I guess my question is 2 folded. 1. If possible how do I do this? and 2. is the iteration process better suited at the route level, or the child-job the route calls.

Right now, the files I'm handling are | delimited. To handle this, I have the tRouteInput_1 going directly to a tExtractDelimtedFields and use those values to set variables globally, like so.The beginning of child ESB job.

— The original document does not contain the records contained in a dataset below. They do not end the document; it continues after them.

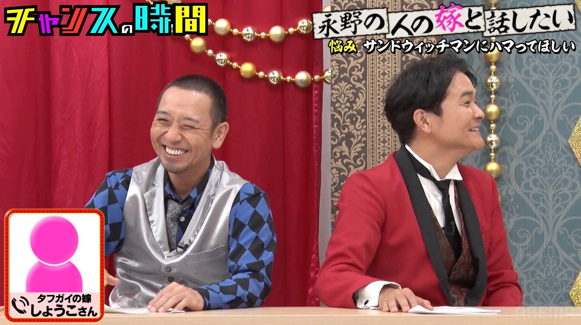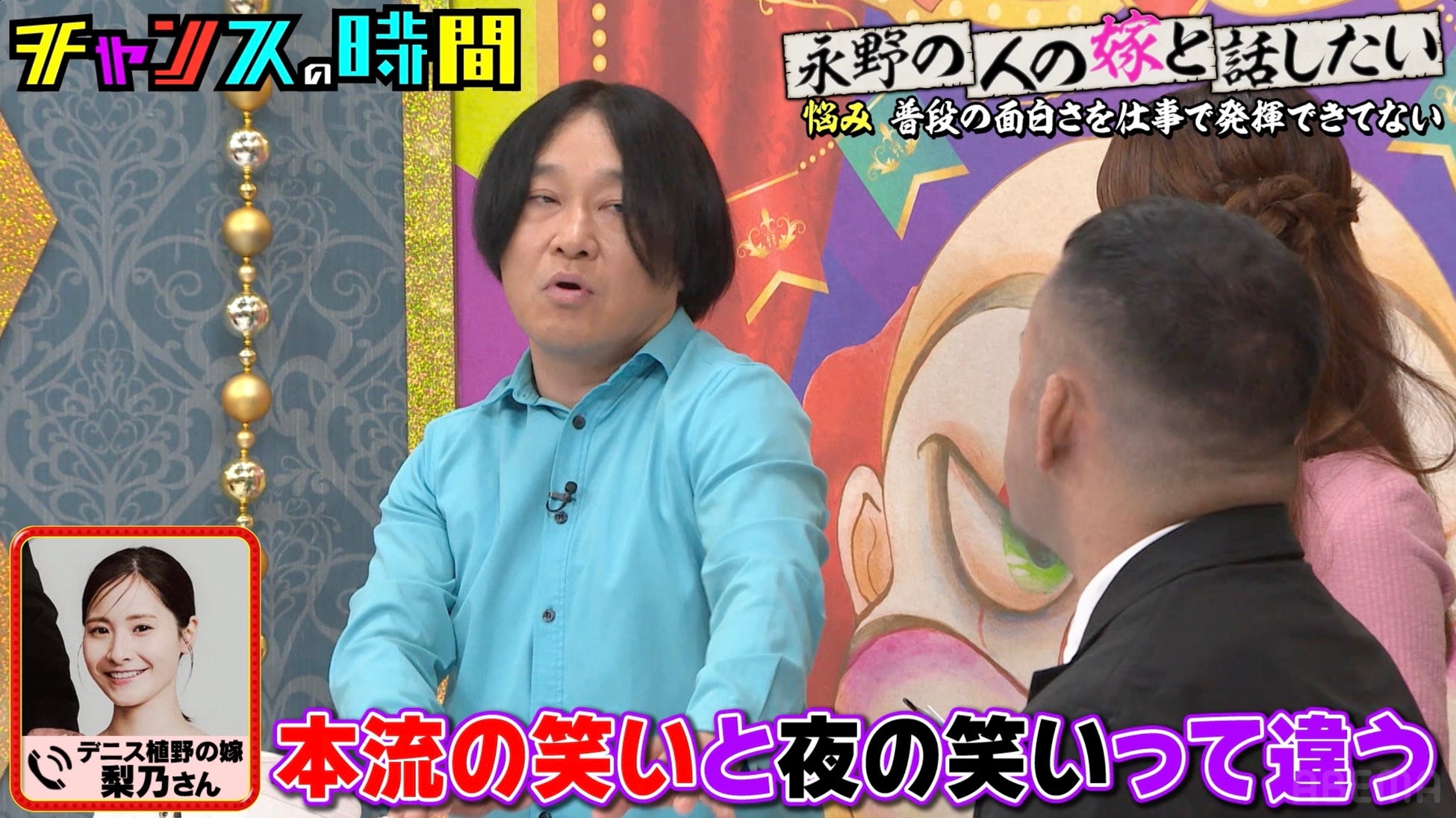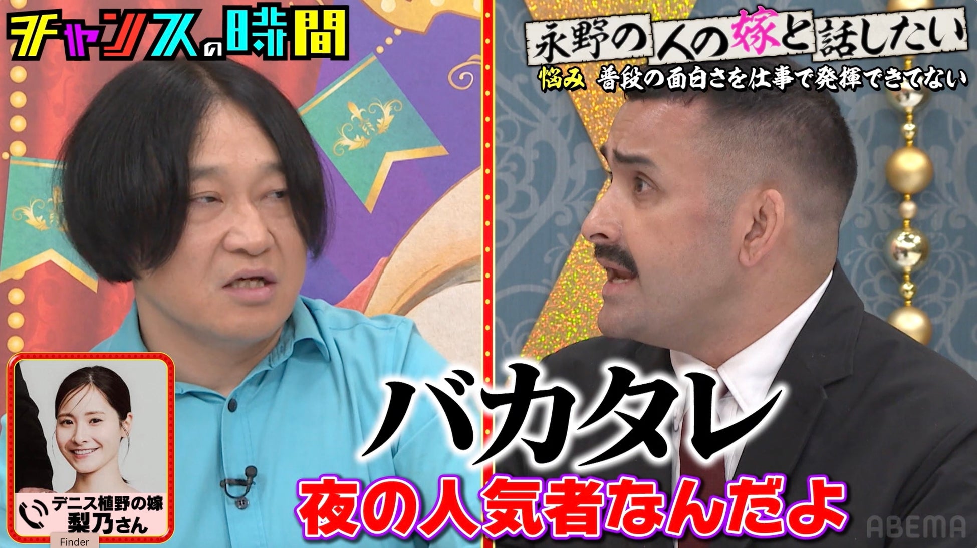 永野の助言にテレビで萎縮してしまうデニス・植野が覚醒!?「酒持ってきてくれ」 芸人夫婦の核心をぶった斬る“永野節”が炸裂!千鳥もざわつく珍アドバイスを連発|『チャンスの時間』無料見逃し配信中
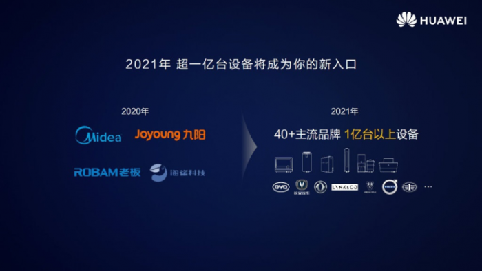 据悉,今年已有美的、九阳、老板电器、海雀科技等品牌设备搭载鸿蒙 OS,2021 年的目标是覆盖 40 + 主流品牌,实现超 1 亿台设备搭载。
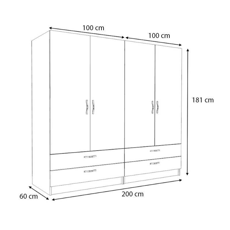 - Διαστάσεις ντουλάπας: Μήκος 200 x Βάθος 60 x Ύψος 181 εκ.

The problem with this, is it's only reading the first row of the file, and moving on. I need to be able to iterate over each row within the file/camel message.

Thanks, Alex


Solution

  • First you need to split your file on the row delimiter using a tNormalize.
    In my example, I simulate your tRouteInput by using a tFixedFlowInput containing the whole file as a single line, with rows separated by \n. Then for each resulting row returned by tNormalize, extract the fields you want (in tExtractDelimitedFields, create the schema corresponding to your row structure):

    enter image description here

    And the result:

    .--------+--------.
    |    tLogRow_1    |
    |=-------+-------=|
    |field1  |field2  |
    |=-------+-------=|
    |field1.1|field1.2|
    |field2.1|field2.2|
    |field3.1|field3.2|
    '--------+--------'
    

    You need to escape "|" by using "\\|" inside tExtractDelimitedFields, as the component accepts regex, and the pipe has special meaning.

    As for your 2nd question, I think it's better to do this inside the child job and not the route, as there are dedicated components for this not available in the routing perspective.